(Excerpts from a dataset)

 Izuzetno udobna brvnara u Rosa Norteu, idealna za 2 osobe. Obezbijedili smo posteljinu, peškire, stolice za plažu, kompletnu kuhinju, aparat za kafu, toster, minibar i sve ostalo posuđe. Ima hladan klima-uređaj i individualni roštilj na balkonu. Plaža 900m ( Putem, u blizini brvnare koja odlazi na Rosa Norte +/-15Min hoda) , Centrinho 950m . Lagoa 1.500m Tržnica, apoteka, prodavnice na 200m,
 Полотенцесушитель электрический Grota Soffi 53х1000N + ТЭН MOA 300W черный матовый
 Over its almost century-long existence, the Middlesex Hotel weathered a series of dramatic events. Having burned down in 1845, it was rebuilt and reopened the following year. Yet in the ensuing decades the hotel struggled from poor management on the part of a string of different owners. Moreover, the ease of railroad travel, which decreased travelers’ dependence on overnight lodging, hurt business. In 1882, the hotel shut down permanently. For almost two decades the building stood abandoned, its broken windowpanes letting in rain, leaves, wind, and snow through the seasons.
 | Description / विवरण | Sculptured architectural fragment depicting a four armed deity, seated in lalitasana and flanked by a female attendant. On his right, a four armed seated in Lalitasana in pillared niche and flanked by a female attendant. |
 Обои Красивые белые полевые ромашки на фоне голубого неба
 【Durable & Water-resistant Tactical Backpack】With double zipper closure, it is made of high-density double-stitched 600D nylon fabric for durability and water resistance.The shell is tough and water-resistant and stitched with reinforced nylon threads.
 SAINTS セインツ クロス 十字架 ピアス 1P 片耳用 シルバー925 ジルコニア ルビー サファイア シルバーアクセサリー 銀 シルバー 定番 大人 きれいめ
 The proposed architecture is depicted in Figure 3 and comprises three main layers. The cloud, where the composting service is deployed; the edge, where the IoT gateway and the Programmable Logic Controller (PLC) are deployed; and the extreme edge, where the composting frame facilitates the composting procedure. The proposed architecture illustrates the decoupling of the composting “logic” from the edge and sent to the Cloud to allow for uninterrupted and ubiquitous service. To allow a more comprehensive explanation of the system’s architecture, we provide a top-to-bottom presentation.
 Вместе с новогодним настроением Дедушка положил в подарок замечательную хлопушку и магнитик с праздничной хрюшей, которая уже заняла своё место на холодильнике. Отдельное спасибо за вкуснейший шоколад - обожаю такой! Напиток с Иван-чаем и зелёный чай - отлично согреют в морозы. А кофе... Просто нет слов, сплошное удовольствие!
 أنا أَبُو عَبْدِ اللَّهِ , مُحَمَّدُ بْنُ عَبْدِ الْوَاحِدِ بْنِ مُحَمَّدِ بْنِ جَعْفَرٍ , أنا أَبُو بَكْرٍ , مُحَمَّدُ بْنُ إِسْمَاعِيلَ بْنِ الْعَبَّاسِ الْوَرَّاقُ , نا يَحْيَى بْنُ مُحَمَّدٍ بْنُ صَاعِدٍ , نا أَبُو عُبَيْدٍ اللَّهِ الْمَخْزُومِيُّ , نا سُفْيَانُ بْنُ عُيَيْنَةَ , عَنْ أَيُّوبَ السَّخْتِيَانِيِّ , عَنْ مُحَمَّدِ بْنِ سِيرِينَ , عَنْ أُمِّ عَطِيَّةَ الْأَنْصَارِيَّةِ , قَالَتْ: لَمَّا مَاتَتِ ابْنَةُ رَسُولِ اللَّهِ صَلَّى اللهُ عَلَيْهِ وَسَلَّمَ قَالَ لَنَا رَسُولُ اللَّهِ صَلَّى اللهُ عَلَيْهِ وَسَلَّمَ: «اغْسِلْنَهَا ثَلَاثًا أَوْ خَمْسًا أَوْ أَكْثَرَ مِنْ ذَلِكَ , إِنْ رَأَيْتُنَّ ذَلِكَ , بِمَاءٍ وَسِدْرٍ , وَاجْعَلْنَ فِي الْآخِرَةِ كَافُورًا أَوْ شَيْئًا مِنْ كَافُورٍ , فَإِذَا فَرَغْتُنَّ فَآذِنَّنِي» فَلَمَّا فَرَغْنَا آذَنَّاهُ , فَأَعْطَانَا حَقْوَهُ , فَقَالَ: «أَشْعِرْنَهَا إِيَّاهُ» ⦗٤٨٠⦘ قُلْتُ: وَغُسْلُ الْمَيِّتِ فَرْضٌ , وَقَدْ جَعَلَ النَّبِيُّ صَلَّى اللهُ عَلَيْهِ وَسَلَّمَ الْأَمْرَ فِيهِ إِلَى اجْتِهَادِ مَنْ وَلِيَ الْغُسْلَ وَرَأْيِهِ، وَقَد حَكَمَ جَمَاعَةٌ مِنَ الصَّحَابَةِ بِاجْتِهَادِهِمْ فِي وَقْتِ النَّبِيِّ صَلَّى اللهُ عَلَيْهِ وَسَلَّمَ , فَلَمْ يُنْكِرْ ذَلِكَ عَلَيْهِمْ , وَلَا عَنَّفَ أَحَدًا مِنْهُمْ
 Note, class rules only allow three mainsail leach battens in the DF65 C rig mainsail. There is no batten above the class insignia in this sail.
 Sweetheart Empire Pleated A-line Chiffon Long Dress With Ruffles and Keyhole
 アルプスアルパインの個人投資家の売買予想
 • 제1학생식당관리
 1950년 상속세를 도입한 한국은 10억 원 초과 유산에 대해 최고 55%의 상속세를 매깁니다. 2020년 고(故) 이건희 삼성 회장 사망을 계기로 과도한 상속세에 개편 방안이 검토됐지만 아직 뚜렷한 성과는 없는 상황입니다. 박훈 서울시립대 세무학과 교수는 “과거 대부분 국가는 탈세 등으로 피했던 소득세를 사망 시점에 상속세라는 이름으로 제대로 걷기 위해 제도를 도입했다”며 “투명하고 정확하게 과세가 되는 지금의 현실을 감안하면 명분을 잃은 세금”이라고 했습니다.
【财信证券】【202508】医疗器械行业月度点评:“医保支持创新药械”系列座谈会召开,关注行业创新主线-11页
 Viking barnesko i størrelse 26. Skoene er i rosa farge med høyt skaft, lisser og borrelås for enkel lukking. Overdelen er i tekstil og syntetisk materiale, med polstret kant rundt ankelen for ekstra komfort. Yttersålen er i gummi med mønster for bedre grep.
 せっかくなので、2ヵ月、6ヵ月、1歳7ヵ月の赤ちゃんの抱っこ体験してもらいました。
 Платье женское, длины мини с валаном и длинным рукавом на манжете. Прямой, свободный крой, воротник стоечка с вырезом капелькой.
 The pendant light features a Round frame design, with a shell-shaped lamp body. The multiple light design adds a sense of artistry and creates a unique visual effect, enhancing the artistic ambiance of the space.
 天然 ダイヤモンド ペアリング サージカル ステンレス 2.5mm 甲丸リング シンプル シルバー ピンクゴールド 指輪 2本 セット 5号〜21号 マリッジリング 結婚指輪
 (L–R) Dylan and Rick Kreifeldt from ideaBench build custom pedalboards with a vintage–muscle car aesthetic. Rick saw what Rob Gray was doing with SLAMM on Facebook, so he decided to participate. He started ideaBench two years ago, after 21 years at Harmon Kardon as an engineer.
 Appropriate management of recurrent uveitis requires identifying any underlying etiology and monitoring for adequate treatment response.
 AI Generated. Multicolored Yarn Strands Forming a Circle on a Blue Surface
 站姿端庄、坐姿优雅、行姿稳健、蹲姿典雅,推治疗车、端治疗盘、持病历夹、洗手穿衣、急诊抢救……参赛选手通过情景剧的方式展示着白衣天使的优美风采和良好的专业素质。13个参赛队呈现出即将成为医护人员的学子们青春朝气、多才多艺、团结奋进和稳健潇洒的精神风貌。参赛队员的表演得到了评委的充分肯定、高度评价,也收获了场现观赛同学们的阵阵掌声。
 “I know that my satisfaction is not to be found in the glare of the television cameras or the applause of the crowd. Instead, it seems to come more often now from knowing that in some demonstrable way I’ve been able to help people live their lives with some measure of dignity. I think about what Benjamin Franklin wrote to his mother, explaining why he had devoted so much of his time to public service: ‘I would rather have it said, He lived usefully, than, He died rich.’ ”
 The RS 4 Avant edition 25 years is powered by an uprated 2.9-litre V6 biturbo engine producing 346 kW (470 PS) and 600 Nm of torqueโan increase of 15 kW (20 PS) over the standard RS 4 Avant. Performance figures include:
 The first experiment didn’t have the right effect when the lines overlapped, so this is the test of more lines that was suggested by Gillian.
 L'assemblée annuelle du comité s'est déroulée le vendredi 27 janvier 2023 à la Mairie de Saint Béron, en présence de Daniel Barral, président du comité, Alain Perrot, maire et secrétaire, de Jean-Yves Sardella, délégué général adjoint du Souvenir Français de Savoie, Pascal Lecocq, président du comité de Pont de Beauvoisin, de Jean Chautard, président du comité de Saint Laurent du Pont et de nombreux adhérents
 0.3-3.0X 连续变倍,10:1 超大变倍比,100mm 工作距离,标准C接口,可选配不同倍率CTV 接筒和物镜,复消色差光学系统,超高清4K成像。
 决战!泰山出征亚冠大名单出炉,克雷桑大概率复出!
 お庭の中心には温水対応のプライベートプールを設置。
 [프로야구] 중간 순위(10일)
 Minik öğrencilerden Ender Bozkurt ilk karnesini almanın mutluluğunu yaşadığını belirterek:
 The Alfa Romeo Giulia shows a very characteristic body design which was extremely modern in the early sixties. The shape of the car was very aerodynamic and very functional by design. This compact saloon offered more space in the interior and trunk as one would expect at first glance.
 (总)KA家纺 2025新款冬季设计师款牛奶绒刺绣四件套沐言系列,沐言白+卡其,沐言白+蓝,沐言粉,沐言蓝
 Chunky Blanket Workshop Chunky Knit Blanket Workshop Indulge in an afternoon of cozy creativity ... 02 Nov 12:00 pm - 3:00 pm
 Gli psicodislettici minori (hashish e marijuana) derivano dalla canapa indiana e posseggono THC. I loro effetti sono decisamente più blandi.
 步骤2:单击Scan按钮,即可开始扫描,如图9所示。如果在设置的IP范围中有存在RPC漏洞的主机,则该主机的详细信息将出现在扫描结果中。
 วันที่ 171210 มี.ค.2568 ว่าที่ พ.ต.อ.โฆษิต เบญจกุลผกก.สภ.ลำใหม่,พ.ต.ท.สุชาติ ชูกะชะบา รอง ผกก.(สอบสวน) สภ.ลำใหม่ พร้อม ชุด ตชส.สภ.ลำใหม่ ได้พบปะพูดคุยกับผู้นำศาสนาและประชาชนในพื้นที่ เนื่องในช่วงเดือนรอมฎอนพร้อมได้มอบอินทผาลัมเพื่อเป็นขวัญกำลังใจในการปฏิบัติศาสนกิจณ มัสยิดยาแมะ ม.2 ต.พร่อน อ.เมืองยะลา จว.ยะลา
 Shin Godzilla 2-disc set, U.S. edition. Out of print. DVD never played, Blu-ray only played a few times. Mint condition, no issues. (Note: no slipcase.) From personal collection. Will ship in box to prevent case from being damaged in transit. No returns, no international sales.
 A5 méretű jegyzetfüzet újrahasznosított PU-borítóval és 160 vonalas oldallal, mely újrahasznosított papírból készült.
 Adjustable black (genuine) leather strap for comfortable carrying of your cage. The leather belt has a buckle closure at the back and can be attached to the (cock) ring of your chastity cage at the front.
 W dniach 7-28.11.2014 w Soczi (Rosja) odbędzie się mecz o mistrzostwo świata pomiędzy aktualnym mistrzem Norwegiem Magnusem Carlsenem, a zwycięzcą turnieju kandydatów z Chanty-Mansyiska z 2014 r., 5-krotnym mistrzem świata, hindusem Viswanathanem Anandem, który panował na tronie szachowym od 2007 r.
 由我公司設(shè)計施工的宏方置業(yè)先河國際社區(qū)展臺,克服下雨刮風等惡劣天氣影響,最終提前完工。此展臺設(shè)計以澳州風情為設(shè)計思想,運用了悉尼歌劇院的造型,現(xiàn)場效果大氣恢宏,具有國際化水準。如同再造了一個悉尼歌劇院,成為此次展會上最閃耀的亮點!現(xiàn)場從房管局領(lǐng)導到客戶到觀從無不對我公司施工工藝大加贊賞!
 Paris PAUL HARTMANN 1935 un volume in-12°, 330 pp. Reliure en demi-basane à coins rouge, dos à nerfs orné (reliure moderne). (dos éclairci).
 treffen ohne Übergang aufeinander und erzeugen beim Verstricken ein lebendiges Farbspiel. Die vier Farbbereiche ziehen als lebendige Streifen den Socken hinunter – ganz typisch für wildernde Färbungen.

▶ [YOUR ASSIGNMENT] Take exactly the lines from the one containing "站姿端庄、坐姿优雅、行姿稳健" through the one containing "The RS 4 Avant" in the data above, and output them with nothing added.

▶ [YOUR SOLUTION]
 站姿端庄、坐姿优雅、行姿稳健、蹲姿典雅,推治疗车、端治疗盘、持病历夹、洗手穿衣、急诊抢救……参赛选手通过情景剧的方式展示着白衣天使的优美风采和良好的专业素质。13个参赛队呈现出即将成为医护人员的学子们青春朝气、多才多艺、团结奋进和稳健潇洒的精神风貌。参赛队员的表演得到了评委的充分肯定、高度评价,也收获了场现观赛同学们的阵阵掌声。
 “I know that my satisfaction is not to be found in the glare of the television cameras or the applause of the crowd. Instead, it seems to come more often now from knowing that in some demonstrable way I’ve been able to help people live their lives with some measure of dignity. I think about what Benjamin Franklin wrote to his mother, explaining why he had devoted so much of his time to public service: ‘I would rather have it said, He lived usefully, than, He died rich.’ ”
 The RS 4 Avant edition 25 years is powered by an uprated 2.9-litre V6 biturbo engine producing 346 kW (470 PS) and 600 Nm of torqueโan increase of 15 kW (20 PS) over the standard RS 4 Avant. Performance figures include:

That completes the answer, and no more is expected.